In the Old Testament, the Written Word of God, the Ten Commandments, and the Miraculous Bread from Heaven - the Manna - were in the same place as the Holy Ark. 
In the New Testament, the Ark of the New Testament, the Blessed Virgin Mary, contained the Word of God, Jesus Christ, the Living Bread from Heaven.
The Ark of the Old Covenant contained the Rod of Aaron, which signified the true High Priest.
The Ark of the New Covenant contained Jesus Christ, Who is called the High Priest (Hebrews 3 verse 1.)
The Ark of the Old Testament was overshadowed by the Presence and Power of God (Exodus Chapter 40 verses 34 and 35).
In the New Testament, Mary of Nazareth is overshadowed by the Presence and Power of God (Luke Chapter 1 verse 35).
The belief of the Immaculate Conception of Mary of Nazareth is that the future Mother of God was overshadowed by the Presence and Power of God at her conception preparatory to her call and Second Overshadowing by the Presence and Power of God.
The second Overshadowing was at the Incarnation of God into her womb prior to Jesus being birthed as Saviour and King of all the world.

Ineffabilis Deus

Pope Pius IX (1846 - 1878) wrote Ineffabilis Deus, in which the Immaculate Conception is ascribed to a singular grace and privilege from Almighty God, granted in view of the merits of Jesus Christ, the World's Saviour.

Lourdes, France

On several occasions during the course of the year 1858, Mary of Nazareth appeared to Bernadette Soubirous, a little shepherdess, in a grotto at Massabielle in Lourdes, France.
Asked for her name, she replied: "I am the Immaculate Conception."
She asked Bernadette to pray for the conversion of sinners.
Instructed by the Lady, Bernadette, digging with her hands in the soil, found a spring in the grotto.
A number of authenticated miracles have been ascribed by users of this water.

Poetry in Praise of Mary

In America, which falls under the patronage of the Immaculate Conception, many twentieth century poets sang the praises of Mary.
Like flowers of various shapes and colours, grown from a packet of mixed seeds, their poetry ranges from the cheerfully colloquial to the profoundly contemplative.
Among the former variety is found 'Our Lady of America', a simple verse for youth by Sr Maryanna OP, published in the November 1947 issue of Junior Catholic Mission.
Marked by simplicity and rhythm, it contains no trace of sentimentality.

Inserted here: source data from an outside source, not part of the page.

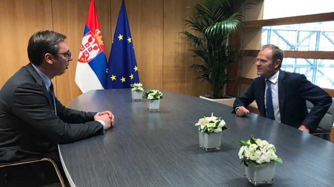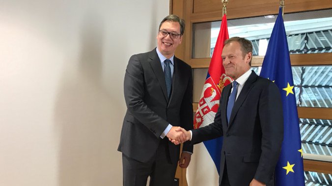 Vučić je izjavio u Briselu da je dobio čvrstu reč predsednika Evropskog saveta Donalda Tuska da će Srbija postati članica EU kada ispuni obaveze.
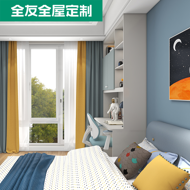 全友家居全屋定制书桌飘窗柜子学生可升降青少年书椅蓝色
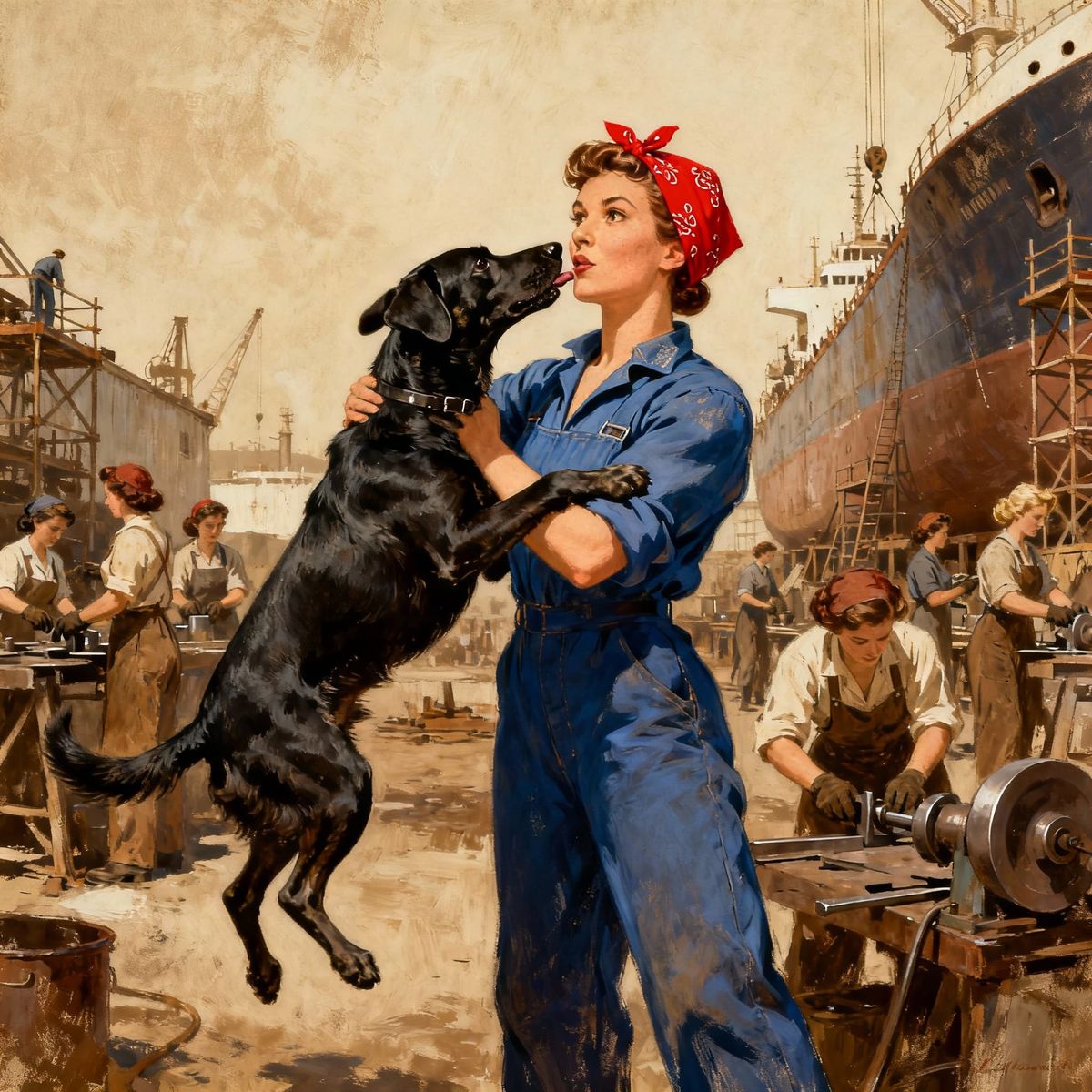 This image depicts Rosie the Riveter sharing a joyful moment with her black Labrador at a bustling shipyard. Other women are actively working in the background.
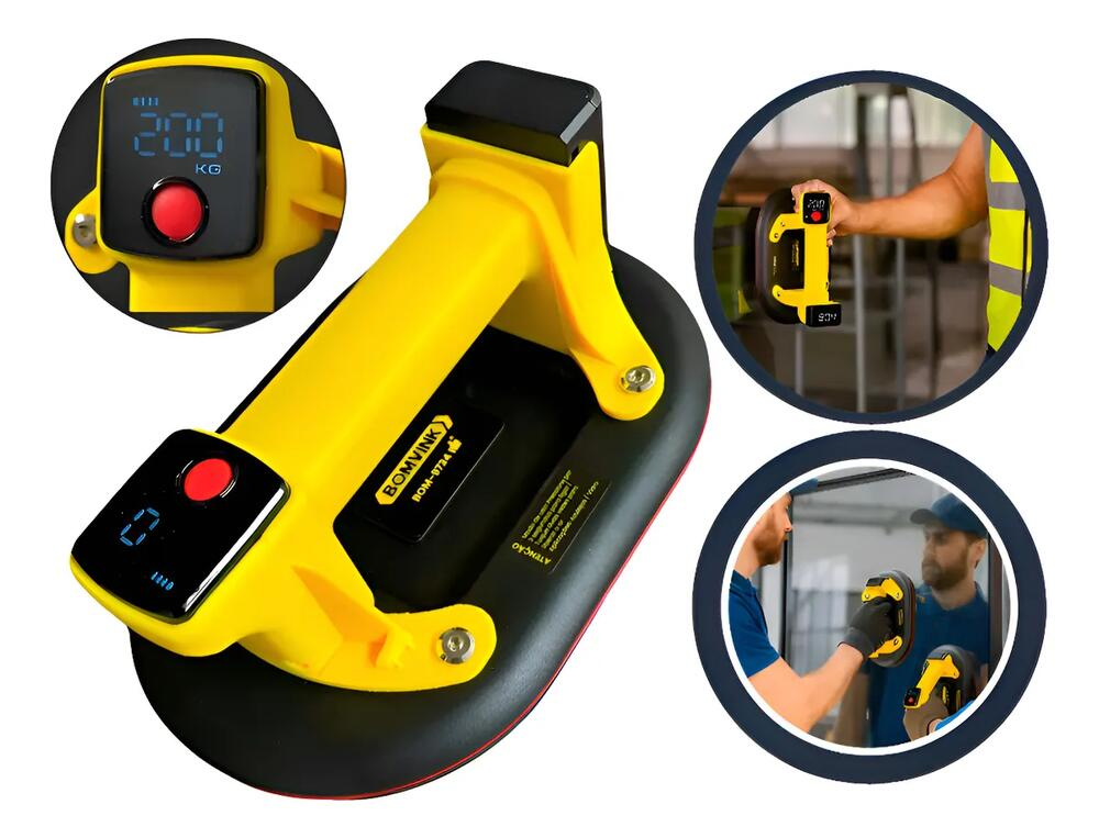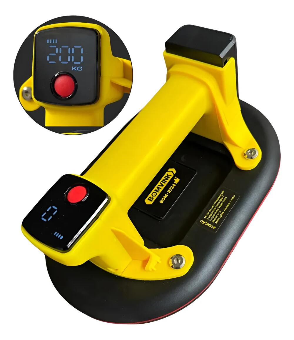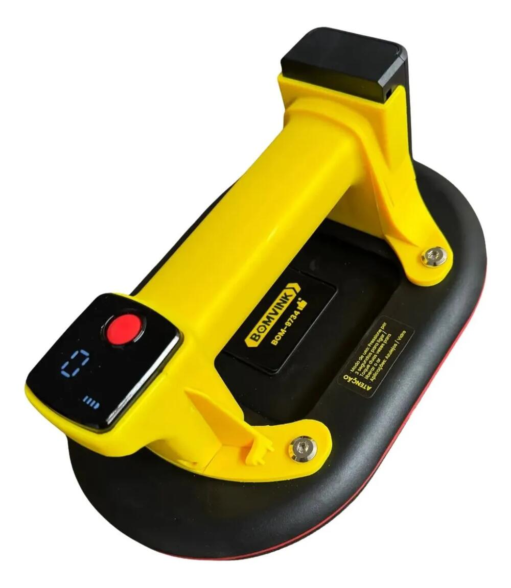 A Ventosa de Sucção com Bomba de Vácuo a Bateria Bomvink BOM-9734 é uma ferramenta profissional desenvolvida para elevação, transporte e instalação segura de porcelanatos grandes, vidros, granitos, mármores e superfícies lisas.
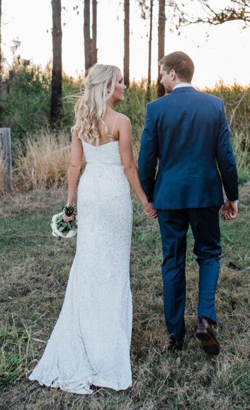 Mermaid Straps V Neck Sequins Wedding Dress for Bride
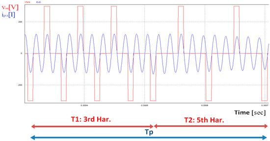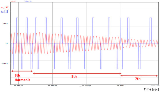 Figure 8 shows the output voltage waveforms of the H-bridge () and its harmonic components. D is the duty cycle defined as the ratio of the on time switches to the half period (D). The phase shift between the two legs controls the RMS output voltage of . Fourier series expansion of this voltage is given as [1]:
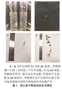 空心蓮子草在組培實(shí)驗(yàn)上的成功有助于進(jìn)一步對(duì)其從生理方向進(jìn)行研究。筆者發(fā)現(xiàn)節(jié)間處生根現(xiàn)象在空心蓮子草中較為普遍,這一發(fā)現(xiàn)有助于揭曉空心蓮子草的入侵機(jī)理,在日后的防治中能夠更加精準(zhǔn)地對(duì)其進(jìn)行防控。
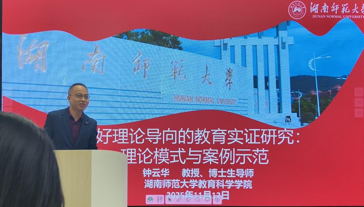 (通讯员 韩钰婷 李怡兴)11月12日,湖南师范大学教育科学学院钟云华教授应邀莅临我校,为研究生作题为“做好理论导向的教育实证研究:理论模式与案例示范”的学术讲座。讲座聚焦教育实证研究的方法体系与实践路径,为我校研究生搭建了优质的学术交流平台。
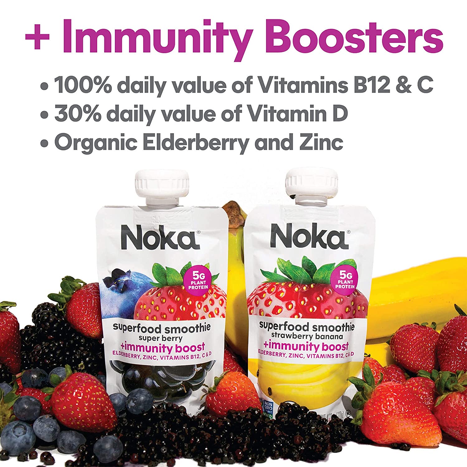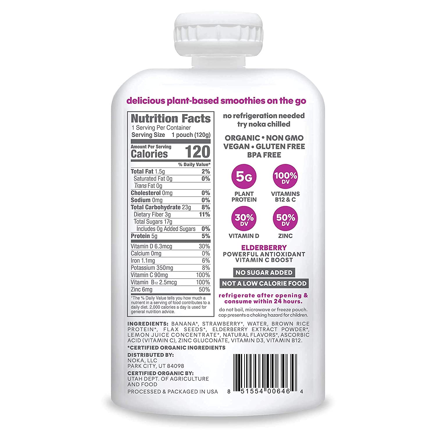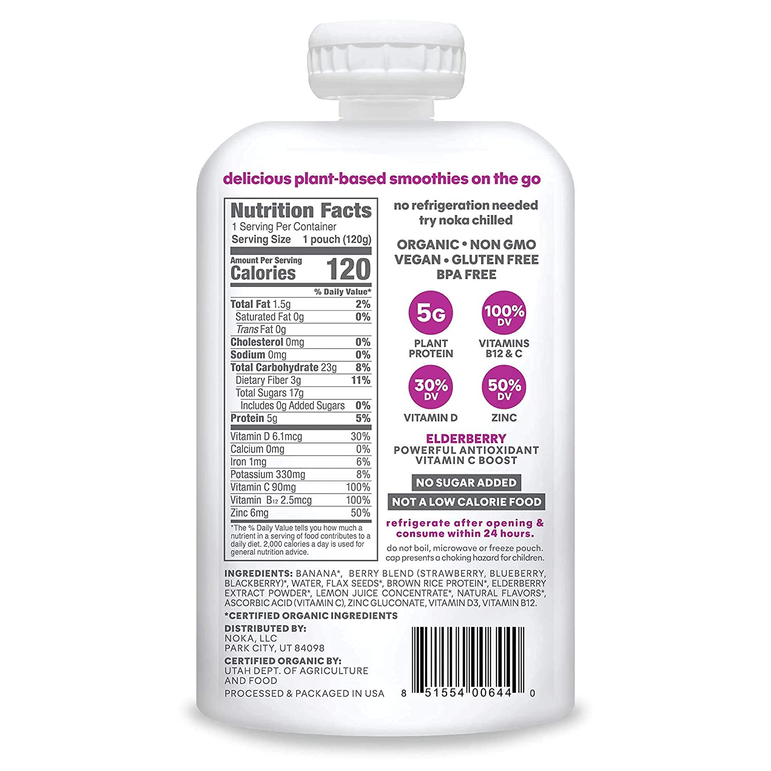 Noka Superfood Fruit Smoothie Pouches, Super Berry with Immune Support, Healthy Snacks with Flax Seed, Elderberry and Plant Protein, Vegan and Gluten Free, Organic Squeeze Pouch, 4.22 oz, 6 Count
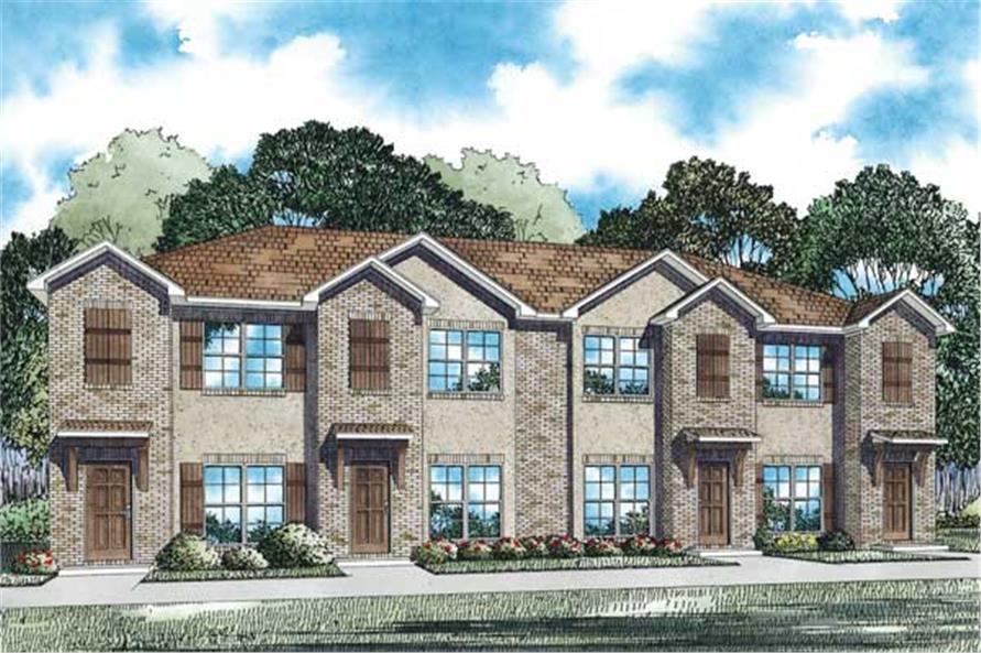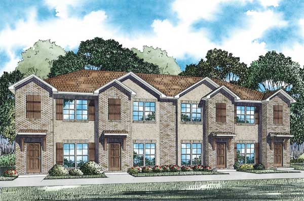 This Multi-Unit building with four units (Multi-Family House Plan #153-1100) has 1053 square feet of living space per unit. The 2-story floor plan includes 2 bedrooms per unit.
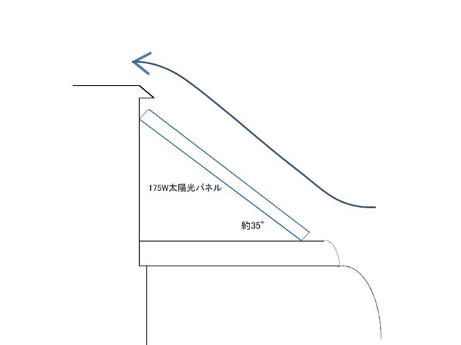 小さなパネルでは図のような空気の流れになり、パネル上部とシャック屋根との高さの差のある部分やパネルの前部分などで空気抵抗が発生しているのではないかと想像しています。
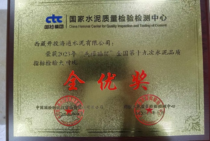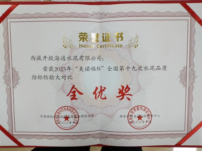 近期,西藏開(kāi)投海通水泥有限公司獲得“美諾福杯”全國(guó)第十九次水泥品質(zhì)指標(biāo)檢驗(yàn)大對(duì)“全優(yōu)獎(jiǎng)”。
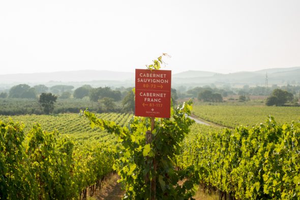 Le nuove etichette “interpretano” il nome e le caratteristiche del vino a cui sono associate. Così, ad esempio, Fonte dell’Anguillaia, Rosso Toscana Igt rievoca un corso d’acqua dal tratto sinuoso situato ai margini della tenuta; mentre Elegantia, Cabernet Maremma Toscana Doc ricorda una serie di scudi contrapposti attraverso un gioco di vuoti e pieni, bianchi e neri, spazi vuoti e righe ravvicinate, che sono il fil rouge di tutta la linea grafica.
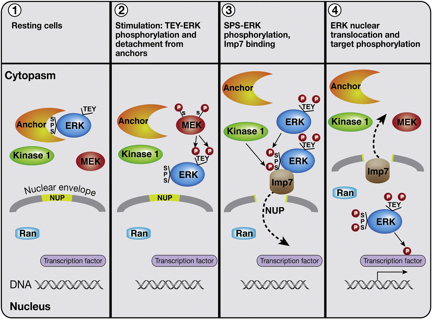 It’s an important ERK location distinction between the nucleus and cytosol, since ERK must be inside the nucleus to drive transcription, because the nucleus is where DNA and the transcription factors like CREB are located [x, x, x].

     Mary Immaculate, Lady blue-gowned,

     slippered in moonbeams, Virgin star-crowned,
     bend down from heaven to bless this our land,
     prairie and mountain and city and strand.
     Watch over Washington, pray for St Paul,
     Boston, Chicago, Los Angeles - all
     cities that linked form a rosary chain
     from Oregon's Portland to Portland in Maine.
     On village and hamlet, on country and town,
     Mary of Nazareth, gently look down.
The fine poetry of the poets has not known as much exposure as deserves, burgeoning as it does with a sense of faith, love and hopefulness that make the reading of it an ever fresh delight.
Much of the work was published only in religious magazines and then forgotten, along with some of its creators.
Though the majority of these poets never achieved any marked degree of fame, a few had their poetry published in general or personal anthologies.
In one of the former we find 'Mary Immaculate' by Sr Angela Marie.
The third stanza starts off with a metaphoric explanation of the Immaculate Conception of Mary:

     Upon this earth 'neath Anne's

     sweet breast a seed is stirred,
     virgin-veiled; the Word
     of God bends low with grace.

Mother Mary Bertrand OM in her Song of the South Winds (For Our Lady's Birthplace) give a description of Anne's womb while she carried Mary.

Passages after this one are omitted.